# brining containers



## ryf (Sep 25, 2008)

what do you guys use to bulk brine/marinade things in? I use oven bags in big pots, etc. but I'm looking for another option, maybe a solid container, Ziplock bags are a pain to work with some pieces, and I'd really like to find a more convenient solution. thnx


----------



## mrwizardgi (Sep 25, 2008)

I got some old frosting containers from Hy-Vee that I use.  I asked if they had any they could spare and gave me 2 with lids.  They're not quite 5 gallons, but I've done a few chickens all at once and I've done about a 12 lb turkey.  They work out really well and they were the right price!

Good luck!

J-


----------



## crewdawg52 (Sep 25, 2008)

Got a 10 Qt plastic bucket that's used for one chicken, a few fish pieces, etc that states in      *BIG BOLD LETTERS...FOR BRINING ONLY* .  Wife used the first one to mop the floor with (bleach, cleaner, or something like that).   For larger pieces of meat, I have an empty (cleaned out of course) 40 lb container of kitty litter.  Big enough for a 15 lb turkey.


----------



## meandmytwodogs (Sep 25, 2008)

I use a 5 gallon bucket that is marked FOOD SAFE ONLY! KEEP CLEAN!
Works for me.

Dave


----------



## slickrat (Sep 25, 2008)

Here's another option if your willing to pay a little:

http://beprepared.com/product.asp_Q_...ucket+with+Lid


----------



## pineywoods (Sep 25, 2008)

I use a 5 gal bucket that had pickles in it originally. I have a friend that owns a restaurant and he gave me several of them. Most delis should have them and many times will give or sell them to you once empty.


----------



## walking dude (Sep 25, 2008)

tupperware..........i use that to dry brine my bacon


----------



## crewdawg52 (Sep 25, 2008)

$8.50 for a big bucket....
	

	
	
		
		



		
			






   If you have cats, get the 
40 lb containers OR go to Homy D and buy a 5 gal bucket or $5.


----------



## pitrow (Sep 25, 2008)

Those aren't food grade...


----------



## blacklab (Sep 25, 2008)

Home depot 5 gal bucket w/ lid. No it's not food grade. Had it several years and aint killed the family or myself yet. But I'll keep trying though


----------



## crewdawg52 (Sep 25, 2008)

So what.   Go and buy a $50 "food grade" brinning container.  Do what works for you ( still typing so I guess it works for me and I didn't die)..... A sterile 40 lb cat litter container works perfect for large brines, and a 10 qt bucket works perferct for small brines.  
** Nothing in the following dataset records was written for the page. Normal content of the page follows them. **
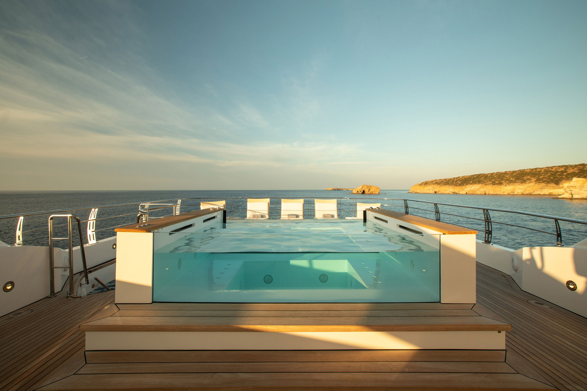 On the main deck aft, the stern is fitted with an elongated sofa where guests can relax in the sun while waiting for the tender and in the shade there is a more extensive lounge setup consisting of a sofa, two armchairs and two tables for outdoor socialising while admiring the aft views.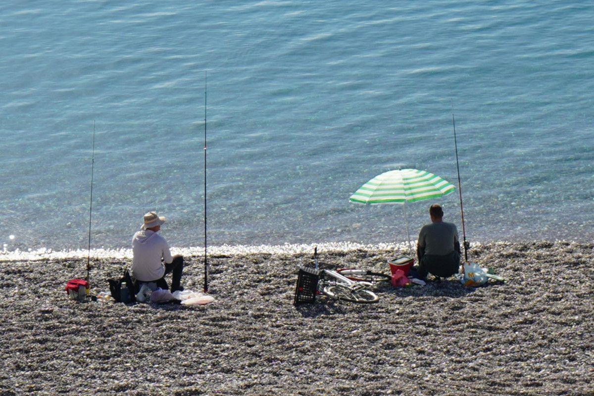 Yerli ve yabancı turistlerden bazıları sahilde spor yaparken bazıları ise balık tutarak güneşli havanın keyfini çıkardı.
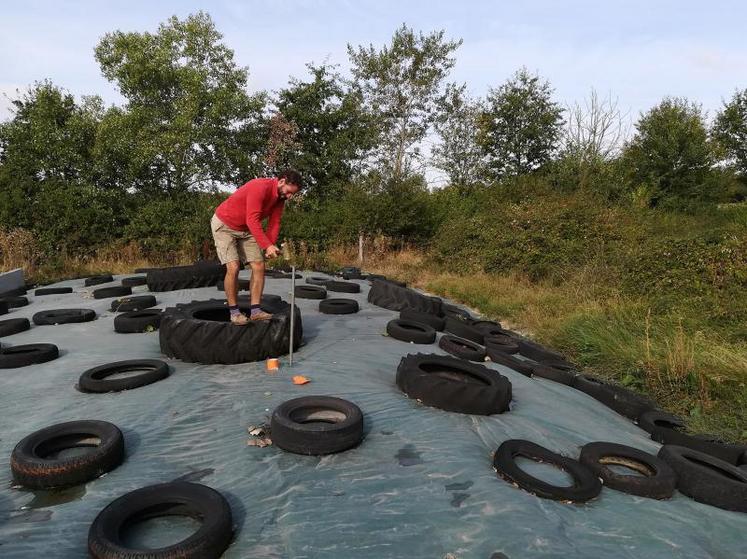 Avec Jean-Baptiste Quillet, conseiller fourrage, ils ont d’abord commencé par répertorier les différentes catégories de fourrage à disposition et à cuber les volumes d’ensilage. Les trois tas ont été métrés de long en large et en hauteur. Pour chacun, Martin de Cauwer a détaillé le contenu : sorgho de 2017 dans l’un ; un mélange raygrass hybride et trèfle violet de seconde coupe, « très épais et de super qualité », précise-t-il dans le second, et du ray grass/trèfle violet de premièrecoupe au fond du dernier, du ray grass mélangé à du méteil et trèfle violet au milieu, et méteil seul dans la dernière partie. L’éleveur comptait sur ces deux derniers tas pour assurer sa couverture hivernale. Il y a également un tas de sorgho 2018 mais le rendement est faible. Un inventaire a également été dressé pour la paille et le foin. « Je suis un peu juste en foin », estime l’éleveur. Le tour des stocks achevé, c’est à celui de l’étable et surtout des prés que le duo s’est attaqué. Le troupeau est composé de 90 vaches allaitantes- 75 salers, 15 charolaises, 19 génisses de deux ans, 28 génisses d’un an, 4 taureaux, 3 génisses en finition.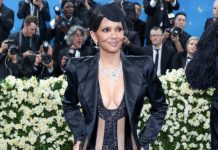 Aktorja Halle Berry mori pjesë në “Met Gala 2025” me një paraqitje më të guximshme deri tani – një fustan transparent me vija.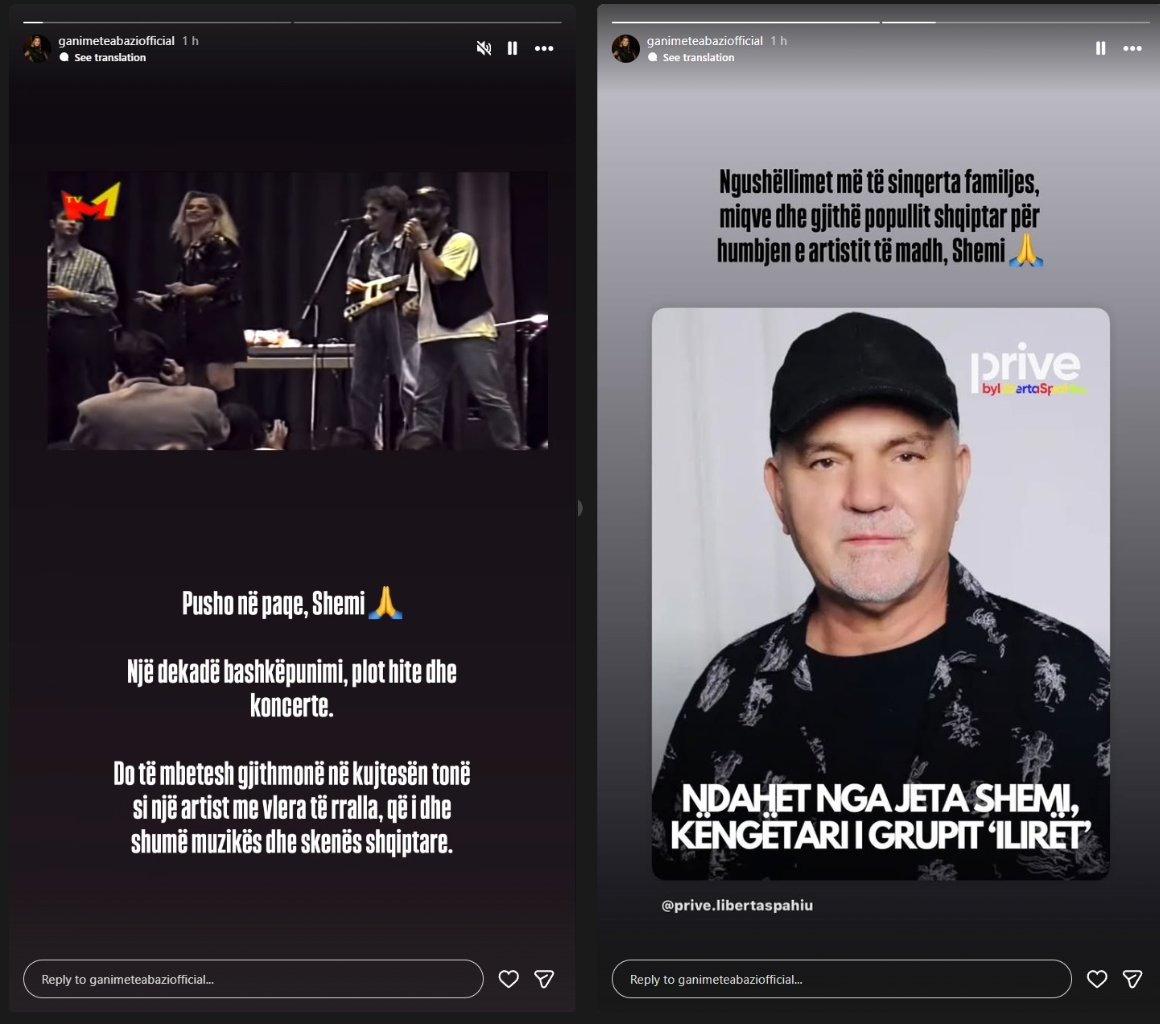 Mesazhet e dhimbjes kanë qenë të shumta, por një reagim tejet emocional ka ardhur nga kolegia e tij shumëvjeçare, Ganimete Abazi. Këngëtarja ka zgjedhur të kujtojë mikun e saj duke u kthyer pas në kohë, në vitet e tyre të arta të bashkëpunimit.

If you don't like the idea, don't use it.  But I would bet a vast majority of folks here do the same as I.


----------



## richtee (Sep 25, 2008)

Drop the Kitty Litter one Dawg. Get a food grade bucket.


----------



## crewdawg52 (Sep 26, 2008)

*MEEEEOOOWWW*


----------



## richtee (Sep 26, 2008)

OK  well, it prolly matters little for short brines..but don't do Kraut or a long cure in it at least. OK?


----------



## travcoman45 (Sep 26, 2008)

Well, years ago, I bought me a 5 gallon bucket at fleet farm, brung it home, scrubbed good with soap an water, then a good shot a chlorine water, nice screw on lid.  Still livin an no side affects, afects, arfects, defects er nothin wrong wit me!

Really, just don't get one that had motor oil in it er sumtin!  Now on the same note, as others have said, most fast food joints er any resteraunt fer that matter will most likely give yall a bucket that they got sumtin er another type a food in.  Most times, they just tosses em out.


----------



## crewdawg52 (Sep 26, 2008)

Nope..... I only use the buckets (both) for over nighters.  The original ? I think was " What da ya use to brine"  Well, the Dawg uses a "STERILE" 
40 LB plastic (about 5-6 gal) for turkeys and several yardbirds.  Uses the 10 qt bucket for "little" smokes.

Think I stated that earlier.....
	

	
	
		
		



		
		
	


	









  GRRRRR


----------



## garyt (Sep 26, 2008)

*Brining tip* 
      If you need a container to brine a couple of chickens or a turkey or what ever you are doing, the next time you are at the grocery store go to the bakery department and ask them for a pail. They get frosting in five gallon pails and they are food grade and free for the asking, most of the time. Been getting them for years for wine making and brining meat
        __________________
New Braunfels Offset
Gas Smoke Hollow #5
20+ Year old Mister Meat Upright


----------



## bbqfoodie (Sep 26, 2008)

Up here in Canada we have 15 litre water bottles for water coolers...the ones we buy are disposable - it's like a giant water bottle.  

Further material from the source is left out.